While vaccines were made available to anyone in the these facilities, they were not required, and those currently infected with COVID-19 could not take them. Justice said the state prioritized vaccines for those housed in care facilities because of the increased likelihood of outbreaks at these facilities and the vulnerability of the residents to COVID-19.

There were 83 outbreaks at long-term care facilities across the state as of Monday, according to the Department of Health and Human Resource’s COVID-19 data dashboard. With long-term care facility vaccinations mostly completed, Justice said, the state is moving forward with the next step of its vaccination plan: ensuring those responsible for giving vaccines to others — clinic staffers, primary care physicians, pharmacists and others — get vaccinated themselves. Once this is complete, there potentially will be more opportunity to expand vaccinations in less centralized means, Justice said.

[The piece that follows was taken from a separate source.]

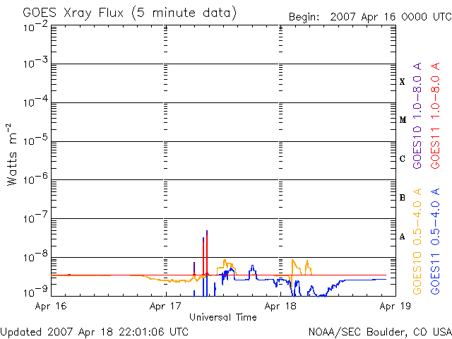 De operationele data in de bovenstaande grafiek werd aangepast om de schaalfactor te verwijderen die werd toegepast door het Space Weather Prediction Center (SWPC). Vanwege de SWPC-schaalfactor in de operationele data werden de zonnevlammen 42% kleiner gerapporteerd dan deze in de wetenschappelijke data. De schaalfactor werd ook verwijderd uit de lijst met zonnevlammen om de werkelijke fysieke eenheden weer te geven.

Of 60,875 doses of the Pfizer and Moderna vaccines sent to the state, 30,737 — roughly half — have been distributed, so far.

Overall, the state is still prioritizing age over any other factor for eligibility to receive the vaccine. No directives have been released, however, detailing how older people who are more vulnerable to the virus but who don’t live in a long-term care facility, will be contacted to receive the vaccine, or by what means.

As of Monday, there were 81,436 confirmed cases of COVID-19 in West Virginia, 24,273 of which are active, and 1,263 COVID-19 related deaths. For weeks before the Christmas holiday, West Virginia’s COVID-19 rates were consistently increasing, shattering records for daily new cases, daily positivity rate, the number of deaths in one day, the number of people hospitalized with COVID-19 and how many of those patients are receiving care in an ICU.

Testing in the past two weeks also decreased across the state. Between Nov. 29 and Dec. 12, nearly 190,000 West Virginians received COVID-19 tests. Comparatively, over the next two weeks from Dec. 13 and Dec. 26, just 140,000 received a test.

Throughout the pandemic, health officials have seen spikes in COVID-19 cases following holidays. And, for weeks, as West Virginia’s rates continued to rise, officials warned against traveling for the holiday to limit spread in the days following. It’s unclear, however, how many heeded the advice.

Also Monday:

  • Scott Adkins, the acting commissioner of WorkForce West Virginia, detailed how the federal COVID-19 relief package signed by President Donald Trump on Sunday will affect unemployment benefits for those receiving them in West Virginia.
  • Justice claimed that 97% of West Virginians are wearing masks, although he provided no source for this statistic.
  • The governor again urged everyone over the age of 65 to get tested immediately if they don’t feel well, to ensure access to potentially lifesaving antibody treatment. The antibodies are becoming more available across the state, Justice said.
  • This week’s shipments of the Pfizer and Moderna vaccines will total 25,000 doses.
  • West Virginia schools, which are not in session, reported nine outbreaks totaling 35 cases.
  • There are 16 current church-related outbreaks in 14 counties.
  • There are 488 current infections among inmates in the state’s corrections facilities. State leaders said Monday there is no plan to send vaccines to those in jail at this time. Instead, resources will be focused on corrections staffers.